The data:
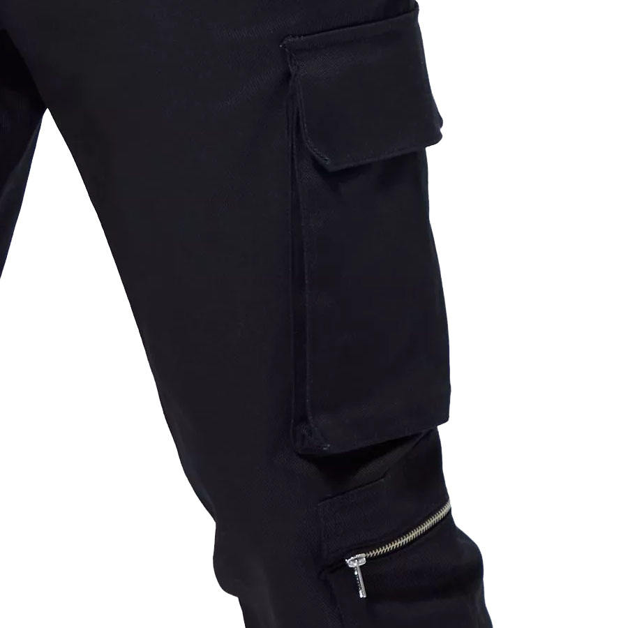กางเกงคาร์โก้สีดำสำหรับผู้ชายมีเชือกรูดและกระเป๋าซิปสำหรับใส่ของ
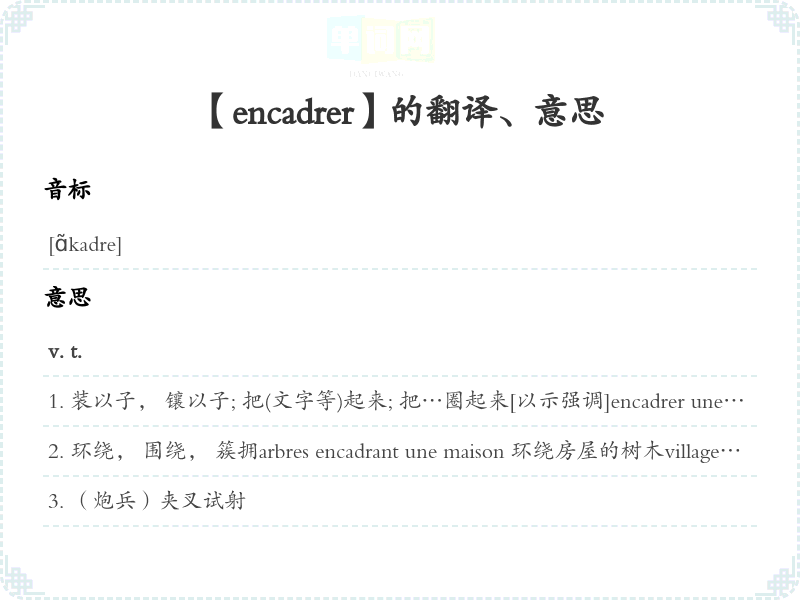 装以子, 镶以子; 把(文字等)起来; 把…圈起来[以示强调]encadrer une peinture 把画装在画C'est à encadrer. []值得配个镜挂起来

==

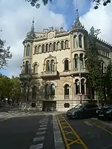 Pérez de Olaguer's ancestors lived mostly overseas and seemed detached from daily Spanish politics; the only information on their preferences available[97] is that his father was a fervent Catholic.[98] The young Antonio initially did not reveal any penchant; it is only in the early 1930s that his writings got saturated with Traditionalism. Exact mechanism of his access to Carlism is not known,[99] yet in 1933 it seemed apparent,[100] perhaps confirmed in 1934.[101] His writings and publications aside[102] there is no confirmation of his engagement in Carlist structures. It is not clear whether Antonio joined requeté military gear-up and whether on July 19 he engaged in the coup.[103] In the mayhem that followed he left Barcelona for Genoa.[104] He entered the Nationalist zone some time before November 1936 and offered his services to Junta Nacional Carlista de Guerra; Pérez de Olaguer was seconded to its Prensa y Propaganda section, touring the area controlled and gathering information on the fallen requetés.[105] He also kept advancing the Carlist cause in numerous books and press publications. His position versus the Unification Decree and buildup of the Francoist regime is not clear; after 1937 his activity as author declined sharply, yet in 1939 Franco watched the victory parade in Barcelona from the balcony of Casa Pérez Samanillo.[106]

* * *

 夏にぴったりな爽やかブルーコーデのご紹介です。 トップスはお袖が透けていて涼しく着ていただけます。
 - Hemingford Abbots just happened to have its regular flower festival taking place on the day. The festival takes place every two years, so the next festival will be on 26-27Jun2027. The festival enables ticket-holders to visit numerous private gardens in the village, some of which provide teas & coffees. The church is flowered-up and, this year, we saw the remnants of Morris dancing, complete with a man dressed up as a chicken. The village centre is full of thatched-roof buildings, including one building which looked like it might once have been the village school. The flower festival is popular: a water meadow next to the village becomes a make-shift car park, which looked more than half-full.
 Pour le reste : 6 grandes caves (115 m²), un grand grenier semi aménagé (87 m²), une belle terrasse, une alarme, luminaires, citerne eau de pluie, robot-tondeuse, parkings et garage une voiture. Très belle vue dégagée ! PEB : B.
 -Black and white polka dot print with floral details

To do: Begin at the line above that has "夏にぴったりな爽やかブルーコ" and stop after the line that has "-Black and white", copying each line exactly and adding nothing else.

Answer to this task:
 夏にぴったりな爽やかブルーコーデのご紹介です。 トップスはお袖が透けていて涼しく着ていただけます。
 - Hemingford Abbots just happened to have its regular flower festival taking place on the day. The festival takes place every two years, so the next festival will be on 26-27Jun2027. The festival enables ticket-holders to visit numerous private gardens in the village, some of which provide teas & coffees. The church is flowered-up and, this year, we saw the remnants of Morris dancing, complete with a man dressed up as a chicken. The village centre is full of thatched-roof buildings, including one building which looked like it might once have been the village school. The flower festival is popular: a water meadow next to the village becomes a make-shift car park, which looked more than half-full.
 Pour le reste : 6 grandes caves (115 m²), un grand grenier semi aménagé (87 m²), une belle terrasse, une alarme, luminaires, citerne eau de pluie, robot-tondeuse, parkings et garage une voiture. Très belle vue dégagée ! PEB : B.
 -Black and white polka dot print with floral details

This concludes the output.